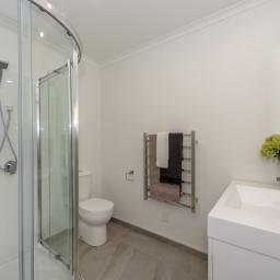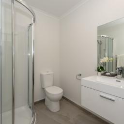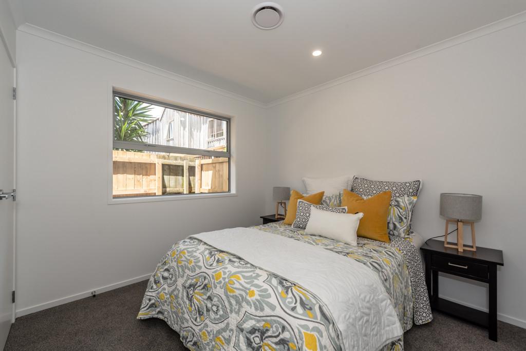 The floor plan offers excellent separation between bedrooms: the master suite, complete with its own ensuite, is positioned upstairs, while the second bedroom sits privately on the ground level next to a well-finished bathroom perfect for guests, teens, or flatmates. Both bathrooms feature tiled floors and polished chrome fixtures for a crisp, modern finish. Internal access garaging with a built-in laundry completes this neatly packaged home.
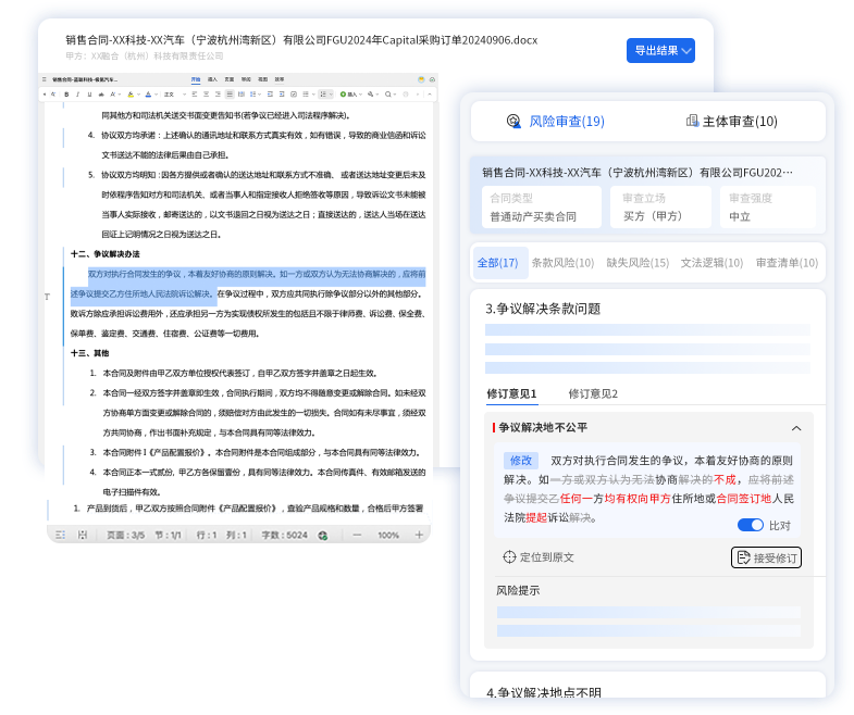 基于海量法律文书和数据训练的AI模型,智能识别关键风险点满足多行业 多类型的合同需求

——————

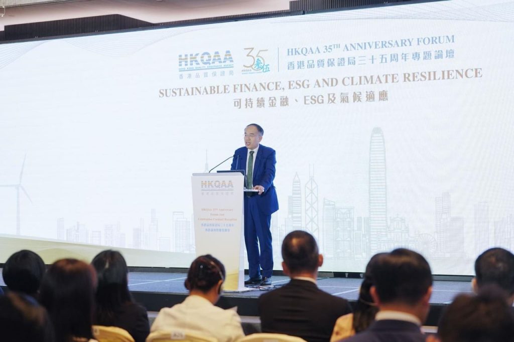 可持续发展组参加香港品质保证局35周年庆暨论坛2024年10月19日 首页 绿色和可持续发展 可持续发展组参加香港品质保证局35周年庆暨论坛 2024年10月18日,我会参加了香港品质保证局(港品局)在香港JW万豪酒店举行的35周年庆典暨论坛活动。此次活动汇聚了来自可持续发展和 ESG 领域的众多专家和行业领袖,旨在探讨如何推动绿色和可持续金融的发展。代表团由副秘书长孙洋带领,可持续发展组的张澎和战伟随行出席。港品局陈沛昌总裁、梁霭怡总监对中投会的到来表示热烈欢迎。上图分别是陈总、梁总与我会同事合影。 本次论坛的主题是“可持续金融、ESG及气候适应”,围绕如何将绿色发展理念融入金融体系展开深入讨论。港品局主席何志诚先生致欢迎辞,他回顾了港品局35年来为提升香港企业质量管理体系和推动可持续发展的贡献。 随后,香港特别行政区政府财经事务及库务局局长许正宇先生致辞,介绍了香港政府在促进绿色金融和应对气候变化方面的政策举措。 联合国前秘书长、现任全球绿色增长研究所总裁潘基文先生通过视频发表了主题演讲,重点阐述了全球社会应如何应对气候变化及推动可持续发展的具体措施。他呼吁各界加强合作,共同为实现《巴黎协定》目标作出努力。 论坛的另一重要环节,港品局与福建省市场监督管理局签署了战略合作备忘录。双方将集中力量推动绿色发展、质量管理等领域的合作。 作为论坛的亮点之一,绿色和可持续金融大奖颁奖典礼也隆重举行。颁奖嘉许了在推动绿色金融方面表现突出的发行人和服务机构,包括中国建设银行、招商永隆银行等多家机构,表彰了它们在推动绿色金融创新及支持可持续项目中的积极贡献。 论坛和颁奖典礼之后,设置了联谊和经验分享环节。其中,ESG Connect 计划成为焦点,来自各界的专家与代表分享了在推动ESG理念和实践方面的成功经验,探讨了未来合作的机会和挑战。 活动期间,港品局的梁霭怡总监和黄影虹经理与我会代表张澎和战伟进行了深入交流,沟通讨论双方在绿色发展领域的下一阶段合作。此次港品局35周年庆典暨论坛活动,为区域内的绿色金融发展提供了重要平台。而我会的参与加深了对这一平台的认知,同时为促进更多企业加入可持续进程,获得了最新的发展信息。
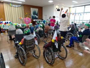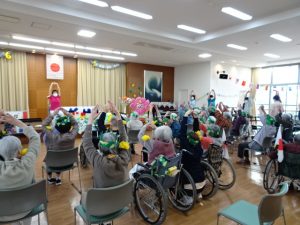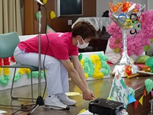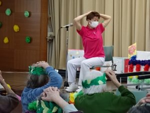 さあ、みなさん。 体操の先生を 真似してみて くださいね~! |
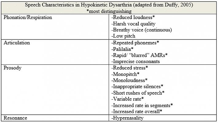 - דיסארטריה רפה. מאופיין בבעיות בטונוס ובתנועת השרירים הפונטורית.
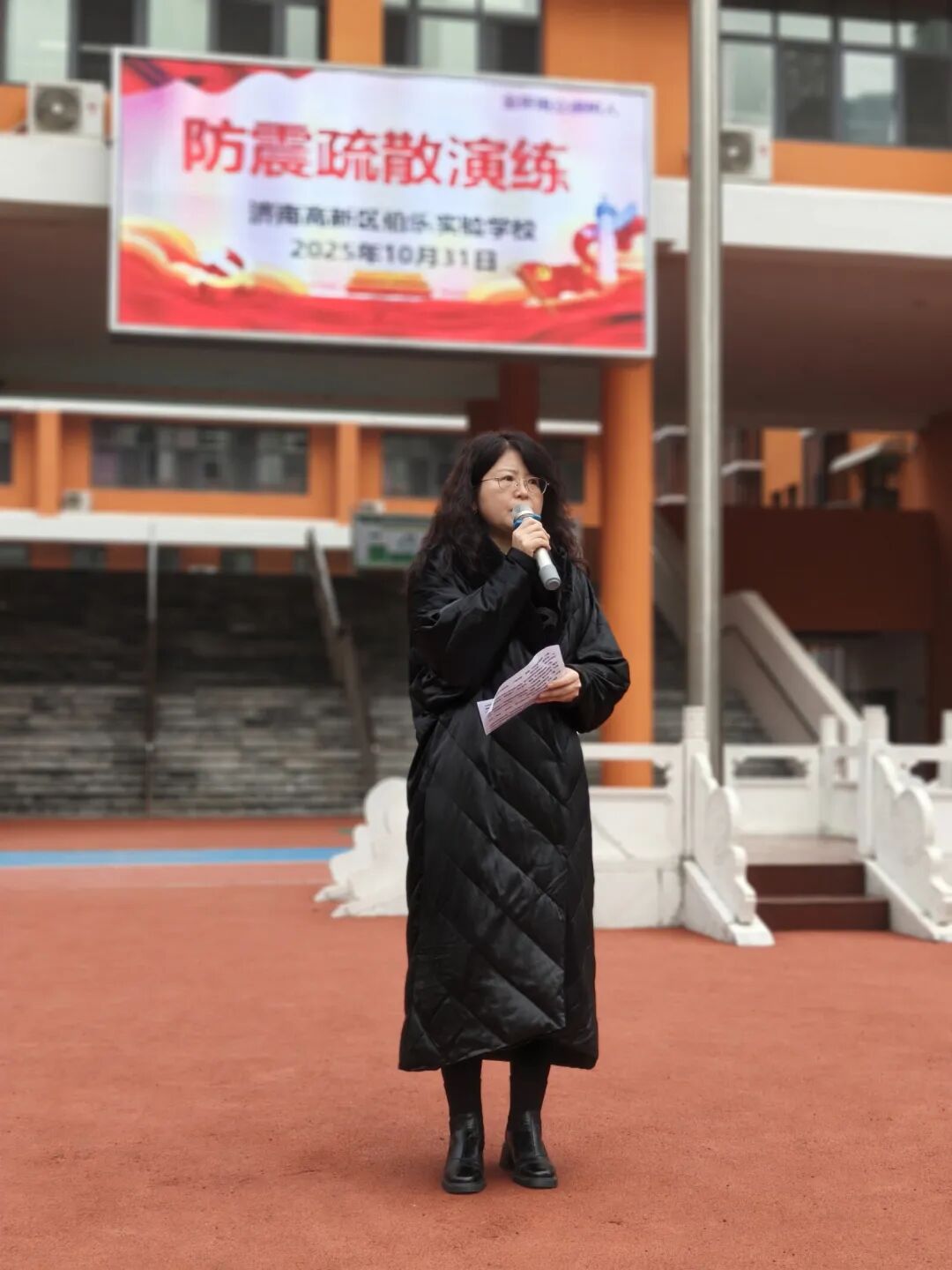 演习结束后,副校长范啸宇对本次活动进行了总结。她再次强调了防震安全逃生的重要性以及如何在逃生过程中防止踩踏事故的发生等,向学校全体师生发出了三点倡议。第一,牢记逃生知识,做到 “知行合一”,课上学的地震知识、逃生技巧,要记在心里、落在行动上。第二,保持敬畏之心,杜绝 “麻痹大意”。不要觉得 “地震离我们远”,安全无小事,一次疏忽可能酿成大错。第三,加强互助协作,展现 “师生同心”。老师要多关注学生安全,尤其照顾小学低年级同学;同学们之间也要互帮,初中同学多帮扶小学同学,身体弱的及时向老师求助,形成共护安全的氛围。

——————

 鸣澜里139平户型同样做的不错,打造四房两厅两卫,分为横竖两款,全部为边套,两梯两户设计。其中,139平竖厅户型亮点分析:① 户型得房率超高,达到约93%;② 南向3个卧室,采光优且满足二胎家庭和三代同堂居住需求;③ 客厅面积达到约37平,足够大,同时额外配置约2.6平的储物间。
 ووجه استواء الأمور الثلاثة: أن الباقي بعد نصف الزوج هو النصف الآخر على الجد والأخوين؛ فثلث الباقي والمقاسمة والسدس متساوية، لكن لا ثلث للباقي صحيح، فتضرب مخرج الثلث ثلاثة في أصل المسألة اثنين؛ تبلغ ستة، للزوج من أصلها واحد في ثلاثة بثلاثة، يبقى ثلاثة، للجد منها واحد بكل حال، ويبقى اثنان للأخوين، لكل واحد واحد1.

——————

- WHAT YOU WILL DO: Exact copy, pictures excluded: from the line with "The floor plan" up to and including the line with "基于海量法律文书和数据训练的" in the data above.

- EXERCISE ANSWER:
 The floor plan offers excellent separation between bedrooms: the master suite, complete with its own ensuite, is positioned upstairs, while the second bedroom sits privately on the ground level next to a well-finished bathroom perfect for guests, teens, or flatmates. Both bathrooms feature tiled floors and polished chrome fixtures for a crisp, modern finish. Internal access garaging with a built-in laundry completes this neatly packaged home.
 基于海量法律文书和数据训练的AI模型,智能识别关键风险点满足多行业 多类型的合同需求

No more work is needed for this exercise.